** WHAT TO WORK ON **
Set down the data below from its first line to the line holding "Die Schülerinnen haben", inclusive; omit all pictures.

** AVAILABLE RECORDS **
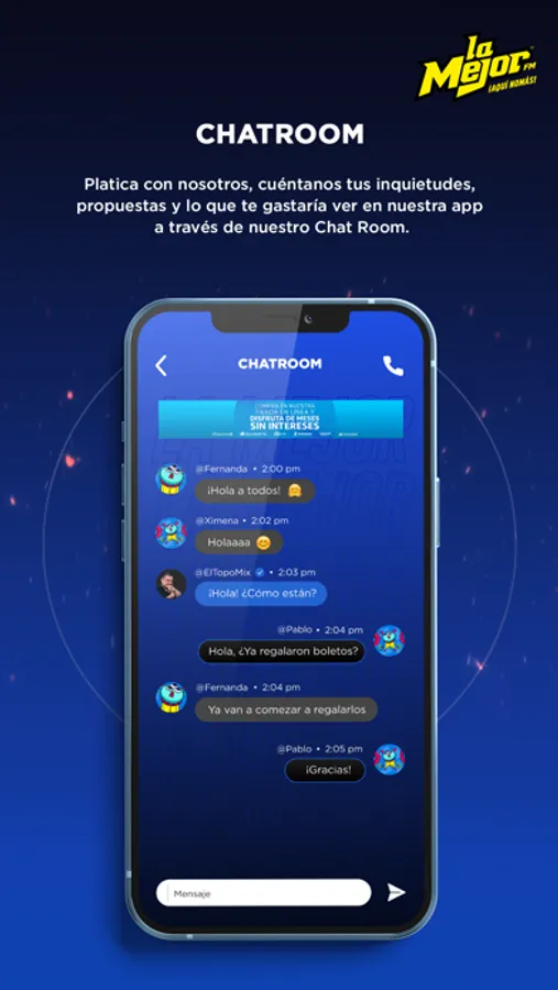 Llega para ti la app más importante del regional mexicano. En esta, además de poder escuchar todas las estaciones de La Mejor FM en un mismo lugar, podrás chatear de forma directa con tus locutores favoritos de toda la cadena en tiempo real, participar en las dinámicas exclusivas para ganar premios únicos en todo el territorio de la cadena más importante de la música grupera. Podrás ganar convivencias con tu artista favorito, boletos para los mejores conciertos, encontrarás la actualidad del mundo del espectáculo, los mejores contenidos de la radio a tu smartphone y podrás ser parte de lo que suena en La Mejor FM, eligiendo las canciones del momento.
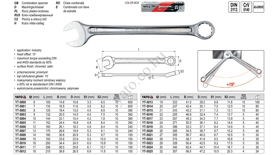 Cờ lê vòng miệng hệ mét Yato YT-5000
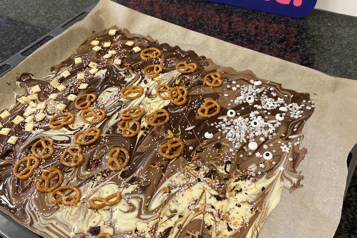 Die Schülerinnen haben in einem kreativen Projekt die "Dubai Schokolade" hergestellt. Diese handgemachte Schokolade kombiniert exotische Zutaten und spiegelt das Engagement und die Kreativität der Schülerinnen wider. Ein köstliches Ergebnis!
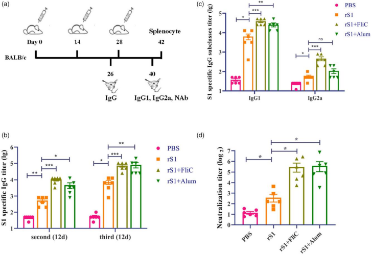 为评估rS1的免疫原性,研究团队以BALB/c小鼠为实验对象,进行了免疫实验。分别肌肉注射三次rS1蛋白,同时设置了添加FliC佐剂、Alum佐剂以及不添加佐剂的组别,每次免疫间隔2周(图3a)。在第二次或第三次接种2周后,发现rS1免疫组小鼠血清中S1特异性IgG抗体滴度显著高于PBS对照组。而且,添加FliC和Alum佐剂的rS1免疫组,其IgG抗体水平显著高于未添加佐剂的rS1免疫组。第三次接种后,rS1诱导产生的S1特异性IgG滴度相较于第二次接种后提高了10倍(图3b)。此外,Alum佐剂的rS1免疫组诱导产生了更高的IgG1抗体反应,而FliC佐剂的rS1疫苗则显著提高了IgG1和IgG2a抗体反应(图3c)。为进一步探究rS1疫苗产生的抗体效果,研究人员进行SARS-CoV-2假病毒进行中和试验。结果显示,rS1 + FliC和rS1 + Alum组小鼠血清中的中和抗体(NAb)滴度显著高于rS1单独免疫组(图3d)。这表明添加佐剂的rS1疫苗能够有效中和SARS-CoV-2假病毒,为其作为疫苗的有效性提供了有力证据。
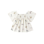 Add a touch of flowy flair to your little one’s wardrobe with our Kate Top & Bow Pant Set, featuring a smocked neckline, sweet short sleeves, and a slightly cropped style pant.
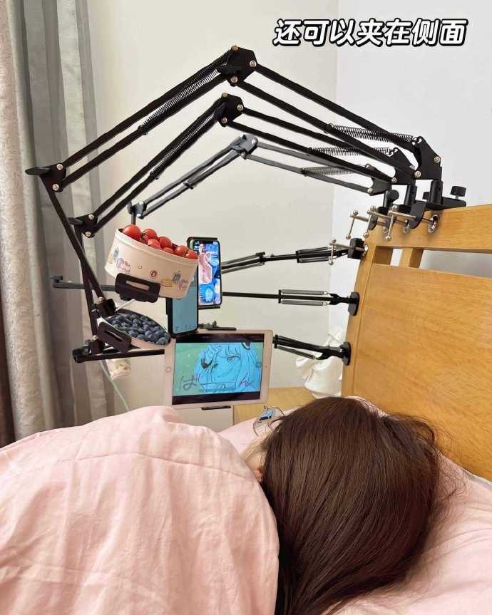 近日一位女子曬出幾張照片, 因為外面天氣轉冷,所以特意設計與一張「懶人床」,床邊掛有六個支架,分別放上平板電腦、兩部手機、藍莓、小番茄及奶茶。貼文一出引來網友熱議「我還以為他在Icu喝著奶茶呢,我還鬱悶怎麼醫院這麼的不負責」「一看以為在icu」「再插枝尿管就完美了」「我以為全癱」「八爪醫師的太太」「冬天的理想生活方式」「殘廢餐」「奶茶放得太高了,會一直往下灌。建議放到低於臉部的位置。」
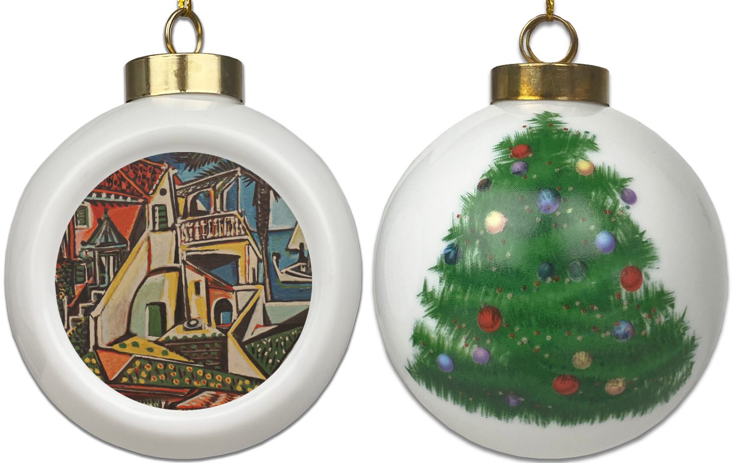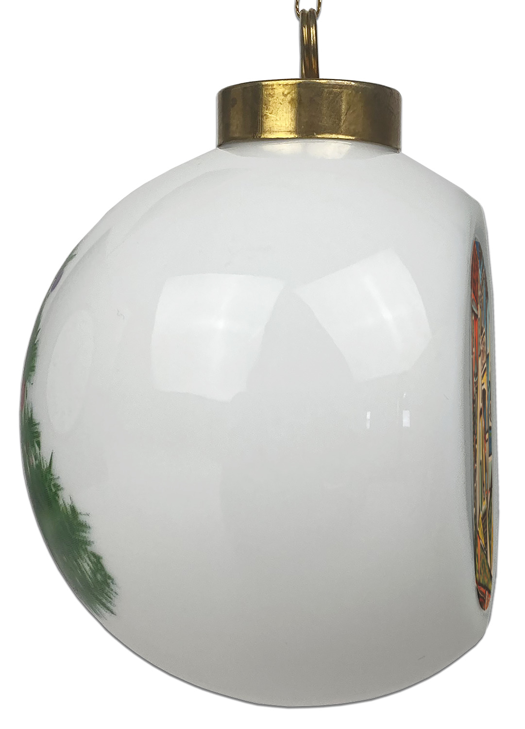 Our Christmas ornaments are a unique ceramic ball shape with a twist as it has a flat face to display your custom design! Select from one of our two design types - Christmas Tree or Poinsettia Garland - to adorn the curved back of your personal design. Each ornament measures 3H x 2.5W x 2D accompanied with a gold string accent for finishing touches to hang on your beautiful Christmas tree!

** RESULT **
 Llega para ti la app más importante del regional mexicano. En esta, además de poder escuchar todas las estaciones de La Mejor FM en un mismo lugar, podrás chatear de forma directa con tus locutores favoritos de toda la cadena en tiempo real, participar en las dinámicas exclusivas para ganar premios únicos en todo el territorio de la cadena más importante de la música grupera. Podrás ganar convivencias con tu artista favorito, boletos para los mejores conciertos, encontrarás la actualidad del mundo del espectáculo, los mejores contenidos de la radio a tu smartphone y podrás ser parte de lo que suena en La Mejor FM, eligiendo las canciones del momento.
 Cờ lê vòng miệng hệ mét Yato YT-5000
 Die Schülerinnen haben in einem kreativen Projekt die "Dubai Schokolade" hergestellt. Diese handgemachte Schokolade kombiniert exotische Zutaten und spiegelt das Engagement und die Kreativität der Schülerinnen wider. Ein köstliches Ergebnis!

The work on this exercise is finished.